Would you transcribe each entry exactly as it stands, omitting the pictures?
# # #
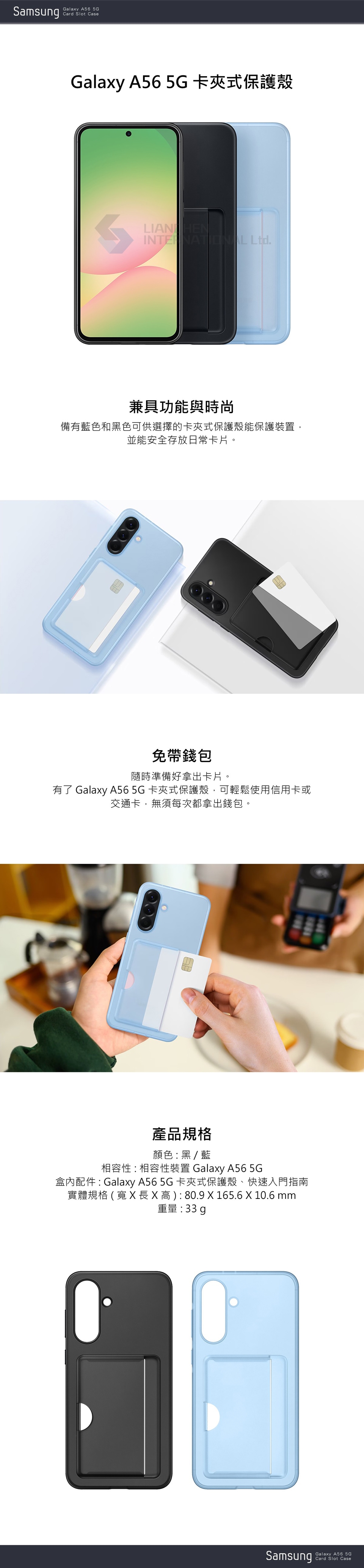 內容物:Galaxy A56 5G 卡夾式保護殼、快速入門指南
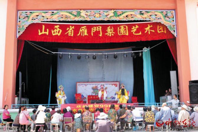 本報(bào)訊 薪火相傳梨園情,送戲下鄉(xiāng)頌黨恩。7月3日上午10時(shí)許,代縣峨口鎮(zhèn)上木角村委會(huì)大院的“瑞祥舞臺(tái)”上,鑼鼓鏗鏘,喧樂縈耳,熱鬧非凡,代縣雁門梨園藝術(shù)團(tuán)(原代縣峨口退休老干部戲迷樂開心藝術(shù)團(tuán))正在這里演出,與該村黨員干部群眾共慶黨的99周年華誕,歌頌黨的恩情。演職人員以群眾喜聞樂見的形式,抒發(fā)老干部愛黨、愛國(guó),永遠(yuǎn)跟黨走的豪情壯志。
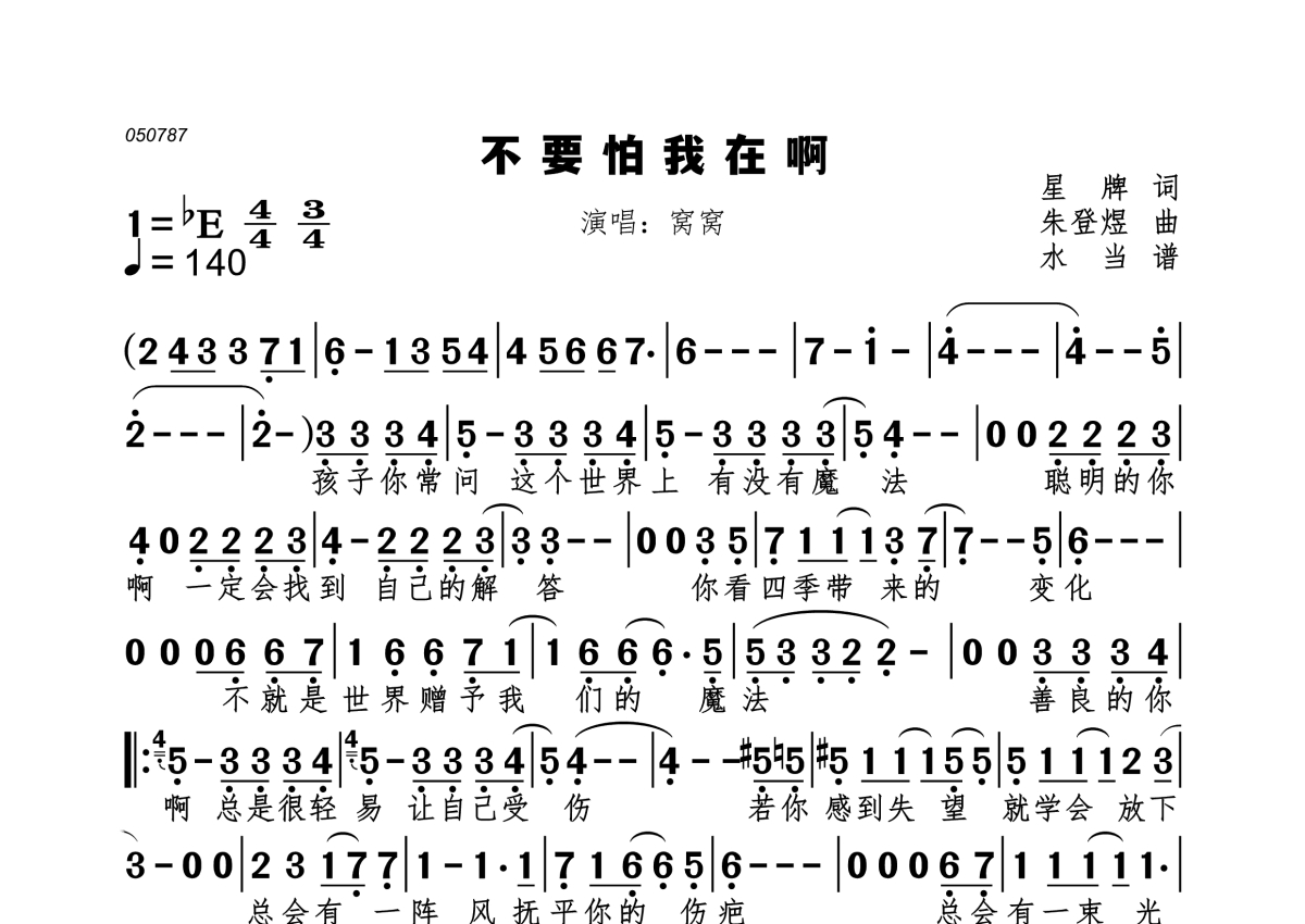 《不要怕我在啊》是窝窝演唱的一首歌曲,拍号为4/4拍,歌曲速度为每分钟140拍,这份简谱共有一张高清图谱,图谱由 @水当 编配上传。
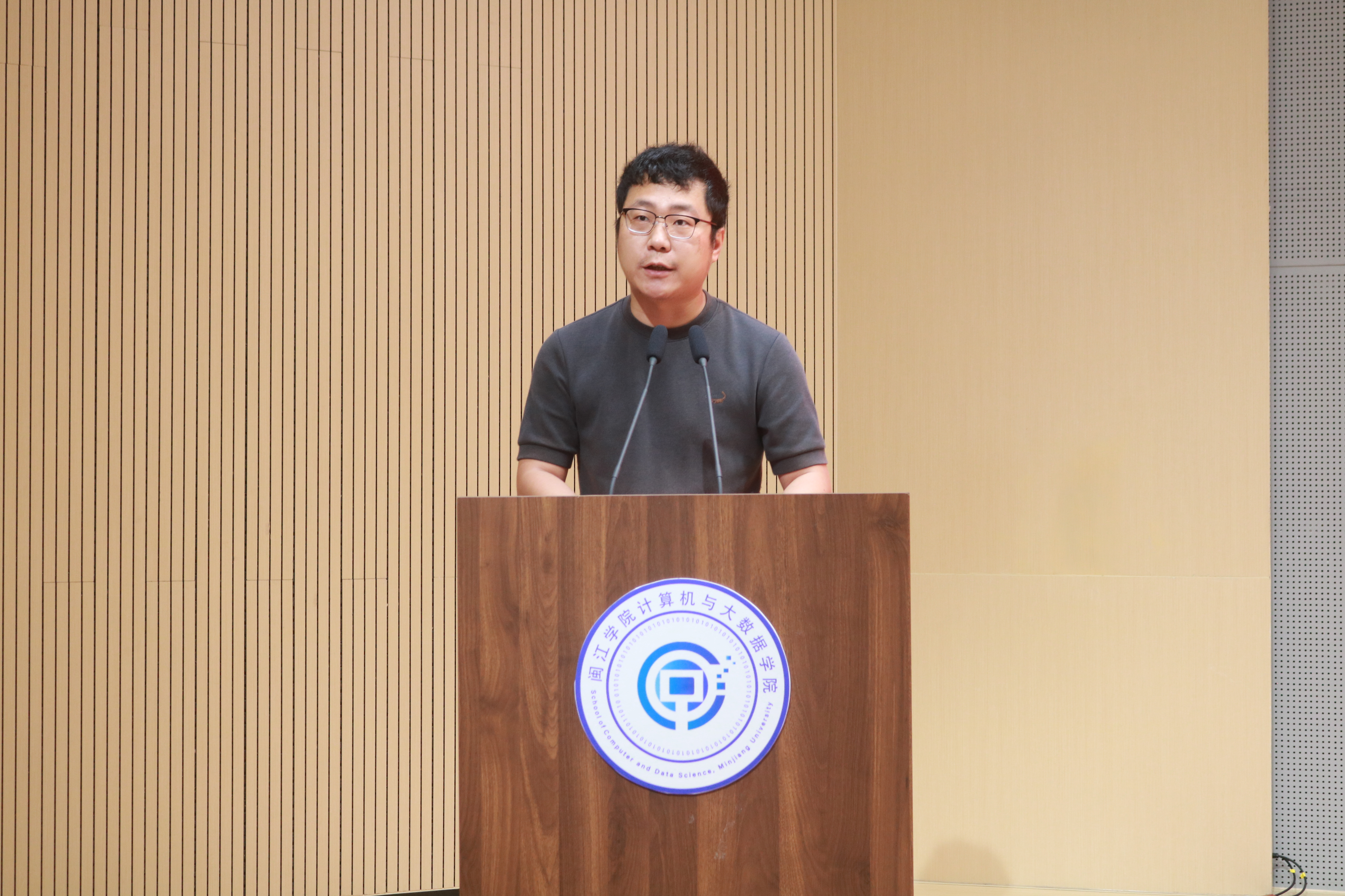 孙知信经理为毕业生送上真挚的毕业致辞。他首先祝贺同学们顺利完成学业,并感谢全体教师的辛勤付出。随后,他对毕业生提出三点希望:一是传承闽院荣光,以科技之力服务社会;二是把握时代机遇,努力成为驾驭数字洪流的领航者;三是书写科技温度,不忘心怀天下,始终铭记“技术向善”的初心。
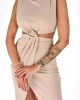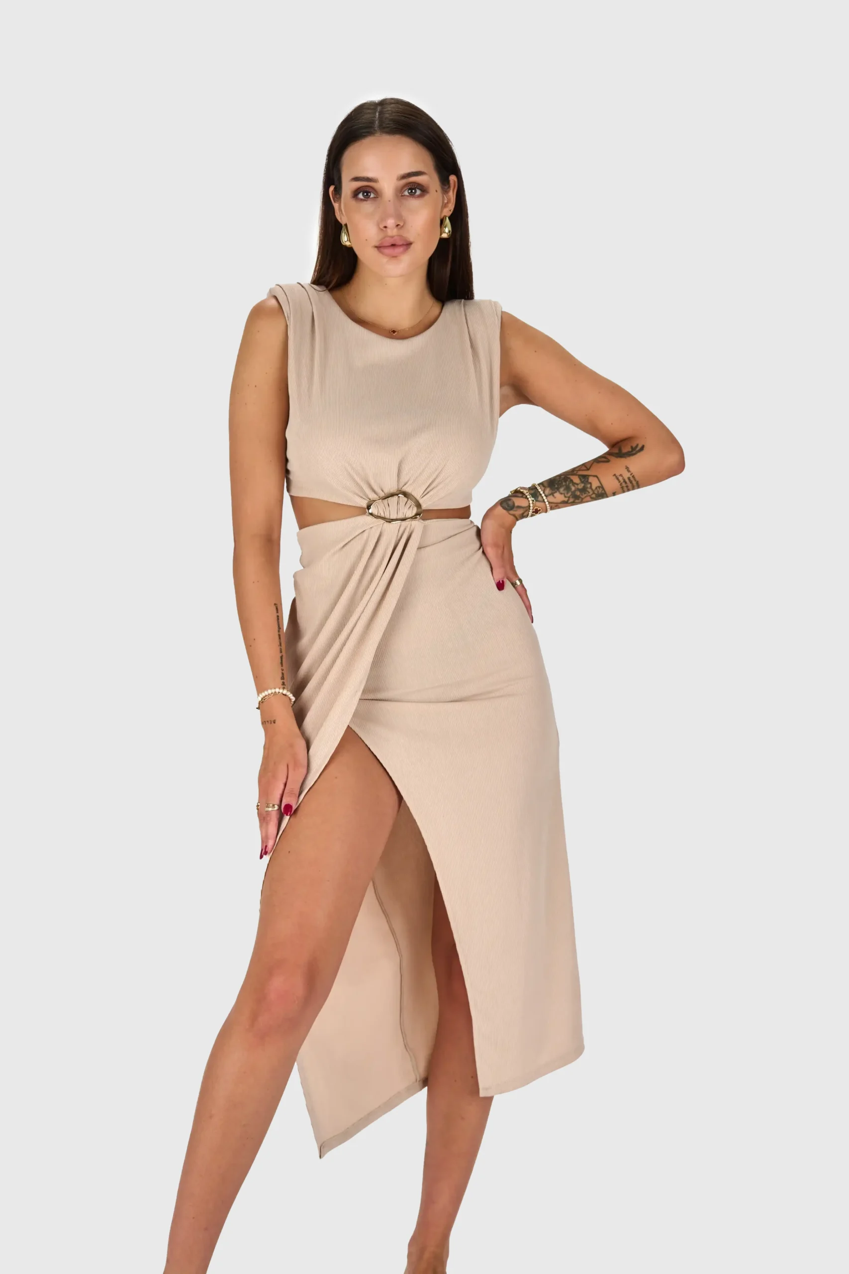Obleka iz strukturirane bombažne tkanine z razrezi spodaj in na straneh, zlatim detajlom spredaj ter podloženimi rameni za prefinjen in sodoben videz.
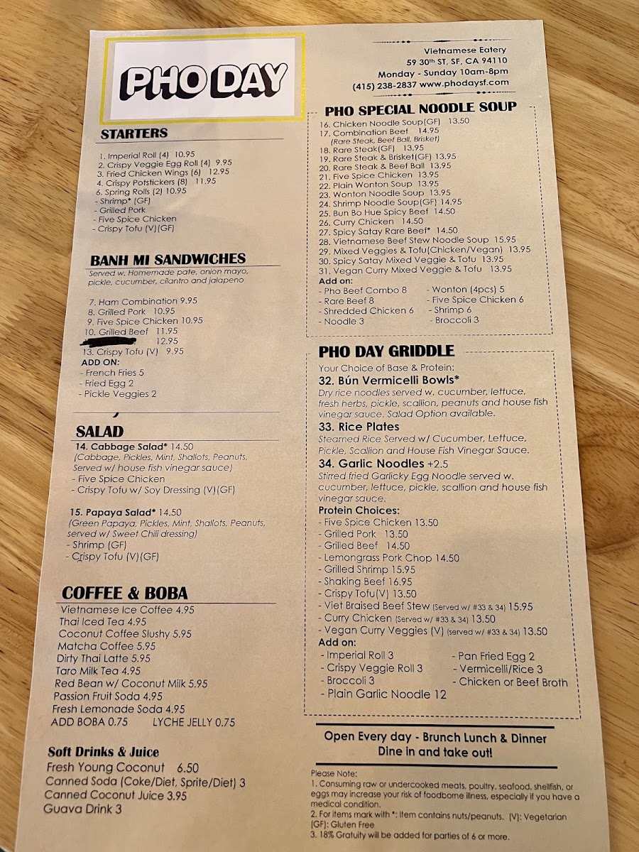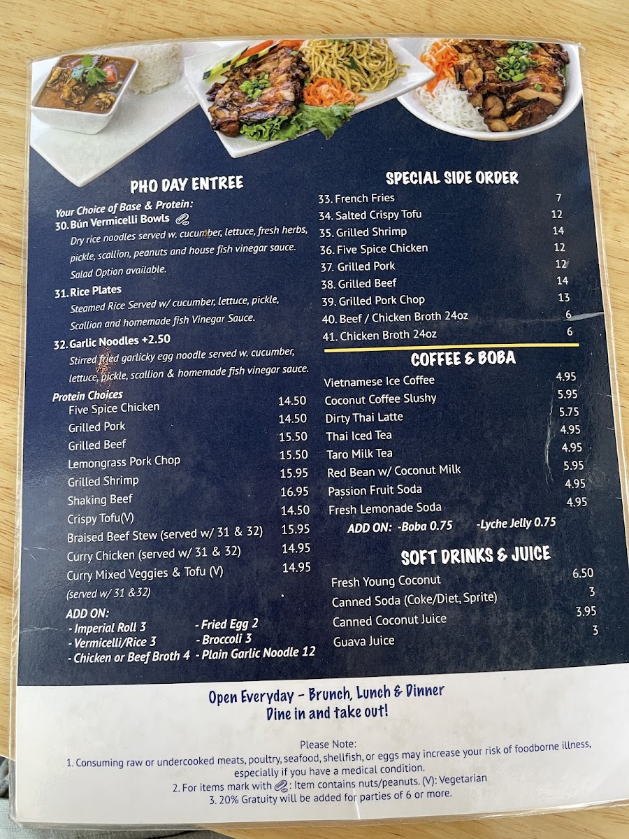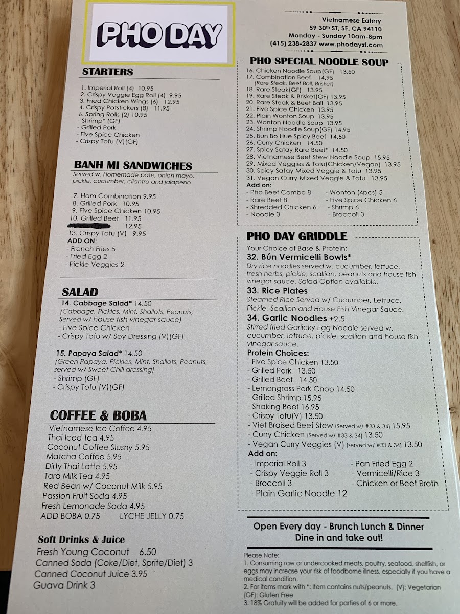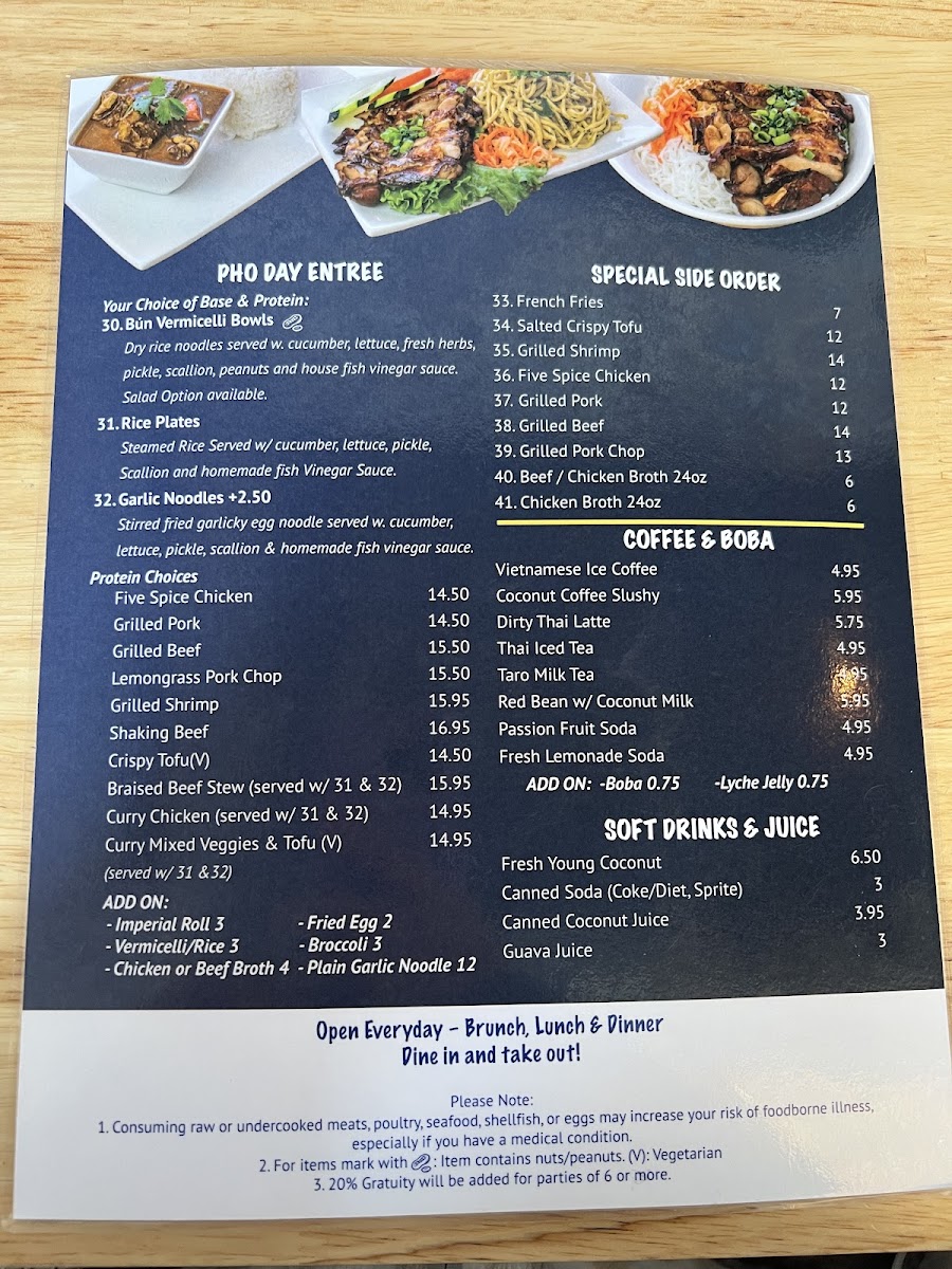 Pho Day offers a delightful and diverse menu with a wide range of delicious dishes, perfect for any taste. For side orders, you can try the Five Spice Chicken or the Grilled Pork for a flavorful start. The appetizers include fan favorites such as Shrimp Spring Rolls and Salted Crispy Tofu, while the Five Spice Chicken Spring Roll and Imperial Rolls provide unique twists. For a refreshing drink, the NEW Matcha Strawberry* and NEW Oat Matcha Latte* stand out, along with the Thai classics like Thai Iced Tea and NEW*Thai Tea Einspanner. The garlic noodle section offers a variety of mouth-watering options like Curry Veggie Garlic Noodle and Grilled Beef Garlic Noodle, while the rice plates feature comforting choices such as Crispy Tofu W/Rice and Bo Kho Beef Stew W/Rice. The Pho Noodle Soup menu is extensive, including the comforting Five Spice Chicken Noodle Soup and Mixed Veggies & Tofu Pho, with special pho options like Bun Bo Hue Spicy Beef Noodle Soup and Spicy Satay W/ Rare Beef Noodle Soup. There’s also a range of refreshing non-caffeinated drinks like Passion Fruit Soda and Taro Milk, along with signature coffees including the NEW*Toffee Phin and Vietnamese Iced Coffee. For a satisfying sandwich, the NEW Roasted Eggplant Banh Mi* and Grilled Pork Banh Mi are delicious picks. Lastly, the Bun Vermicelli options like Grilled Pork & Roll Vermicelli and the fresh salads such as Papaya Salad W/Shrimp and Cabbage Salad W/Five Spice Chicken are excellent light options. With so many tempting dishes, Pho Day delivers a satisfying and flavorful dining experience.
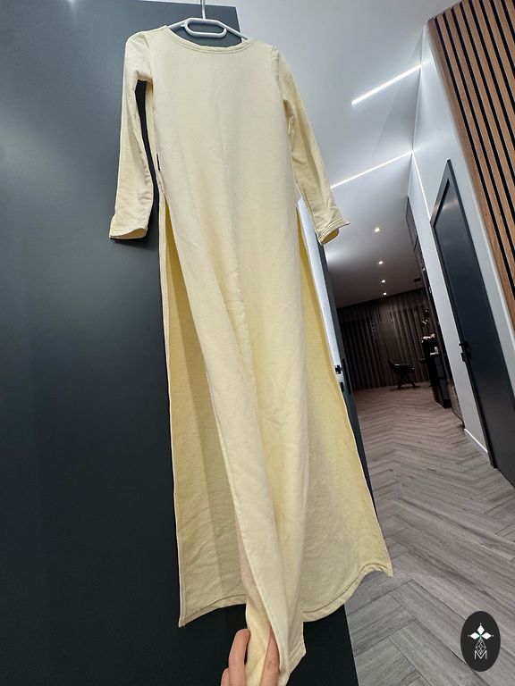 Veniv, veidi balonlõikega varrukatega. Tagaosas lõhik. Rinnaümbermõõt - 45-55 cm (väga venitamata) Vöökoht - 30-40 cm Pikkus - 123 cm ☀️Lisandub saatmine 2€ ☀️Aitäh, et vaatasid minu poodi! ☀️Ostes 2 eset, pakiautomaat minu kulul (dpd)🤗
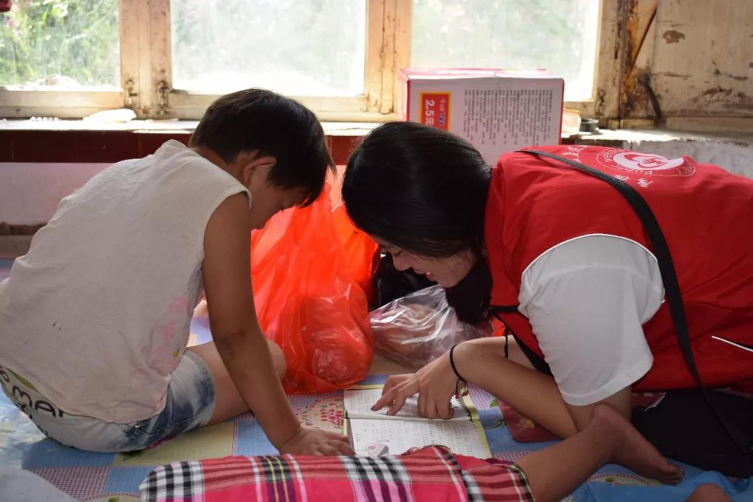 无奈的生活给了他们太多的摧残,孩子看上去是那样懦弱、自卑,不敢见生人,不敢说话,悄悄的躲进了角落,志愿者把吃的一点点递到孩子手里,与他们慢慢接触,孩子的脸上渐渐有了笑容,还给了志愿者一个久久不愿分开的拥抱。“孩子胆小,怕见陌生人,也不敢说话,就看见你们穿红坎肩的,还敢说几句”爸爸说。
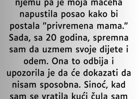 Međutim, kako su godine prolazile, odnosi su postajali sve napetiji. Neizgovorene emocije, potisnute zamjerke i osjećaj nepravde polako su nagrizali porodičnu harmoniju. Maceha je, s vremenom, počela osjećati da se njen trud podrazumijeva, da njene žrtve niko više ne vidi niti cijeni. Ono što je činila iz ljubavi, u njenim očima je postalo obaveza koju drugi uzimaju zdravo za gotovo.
# # #
* Solution to this task *
 內容物:Galaxy A56 5G 卡夾式保護殼、快速入門指南
 本報(bào)訊 薪火相傳梨園情,送戲下鄉(xiāng)頌黨恩。7月3日上午10時(shí)許,代縣峨口鎮(zhèn)上木角村委會(huì)大院的“瑞祥舞臺(tái)”上,鑼鼓鏗鏘,喧樂縈耳,熱鬧非凡,代縣雁門梨園藝術(shù)團(tuán)(原代縣峨口退休老干部戲迷樂開心藝術(shù)團(tuán))正在這里演出,與該村黨員干部群眾共慶黨的99周年華誕,歌頌黨的恩情。演職人員以群眾喜聞樂見的形式,抒發(fā)老干部愛黨、愛國(guó),永遠(yuǎn)跟黨走的豪情壯志。
 《不要怕我在啊》是窝窝演唱的一首歌曲,拍号为4/4拍,歌曲速度为每分钟140拍,这份简谱共有一张高清图谱,图谱由 @水当 编配上传。
 孙知信经理为毕业生送上真挚的毕业致辞。他首先祝贺同学们顺利完成学业,并感谢全体教师的辛勤付出。随后,他对毕业生提出三点希望:一是传承闽院荣光,以科技之力服务社会;二是把握时代机遇,努力成为驾驭数字洪流的领航者;三是书写科技温度,不忘心怀天下,始终铭记“技术向善”的初心。
Obleka iz strukturirane bombažne tkanine z razrezi spodaj in na straneh, zlatim detajlom spredaj ter podloženimi rameni za prefinjen in sodoben videz.
 Pho Day offers a delightful and diverse menu with a wide range of delicious dishes, perfect for any taste. For side orders, you can try the Five Spice Chicken or the Grilled Pork for a flavorful start. The appetizers include fan favorites such as Shrimp Spring Rolls and Salted Crispy Tofu, while the Five Spice Chicken Spring Roll and Imperial Rolls provide unique twists. For a refreshing drink, the NEW Matcha Strawberry* and NEW Oat Matcha Latte* stand out, along with the Thai classics like Thai Iced Tea and NEW*Thai Tea Einspanner. The garlic noodle section offers a variety of mouth-watering options like Curry Veggie Garlic Noodle and Grilled Beef Garlic Noodle, while the rice plates feature comforting choices such as Crispy Tofu W/Rice and Bo Kho Beef Stew W/Rice. The Pho Noodle Soup menu is extensive, including the comforting Five Spice Chicken Noodle Soup and Mixed Veggies & Tofu Pho, with special pho options like Bun Bo Hue Spicy Beef Noodle Soup and Spicy Satay W/ Rare Beef Noodle Soup. There’s also a range of refreshing non-caffeinated drinks like Passion Fruit Soda and Taro Milk, along with signature coffees including the NEW*Toffee Phin and Vietnamese Iced Coffee. For a satisfying sandwich, the NEW Roasted Eggplant Banh Mi* and Grilled Pork Banh Mi are delicious picks. Lastly, the Bun Vermicelli options like Grilled Pork & Roll Vermicelli and the fresh salads such as Papaya Salad W/Shrimp and Cabbage Salad W/Five Spice Chicken are excellent light options. With so many tempting dishes, Pho Day delivers a satisfying and flavorful dining experience.
 Veniv, veidi balonlõikega varrukatega. Tagaosas lõhik. Rinnaümbermõõt - 45-55 cm (väga venitamata) Vöökoht - 30-40 cm Pikkus - 123 cm ☀️Lisandub saatmine 2€ ☀️Aitäh, et vaatasid minu poodi! ☀️Ostes 2 eset, pakiautomaat minu kulul (dpd)🤗
 无奈的生活给了他们太多的摧残,孩子看上去是那样懦弱、自卑,不敢见生人,不敢说话,悄悄的躲进了角落,志愿者把吃的一点点递到孩子手里,与他们慢慢接触,孩子的脸上渐渐有了笑容,还给了志愿者一个久久不愿分开的拥抱。“孩子胆小,怕见陌生人,也不敢说话,就看见你们穿红坎肩的,还敢说几句”爸爸说。
 Međutim, kako su godine prolazile, odnosi su postajali sve napetiji. Neizgovorene emocije, potisnute zamjerke i osjećaj nepravde polako su nagrizali porodičnu harmoniju. Maceha je, s vremenom, počela osjećati da se njen trud podrazumijeva, da njene žrtve niko više ne vidi niti cijeni. Ono što je činila iz ljubavi, u njenim očima je postalo obaveza koju drugi uzimaju zdravo za gotovo.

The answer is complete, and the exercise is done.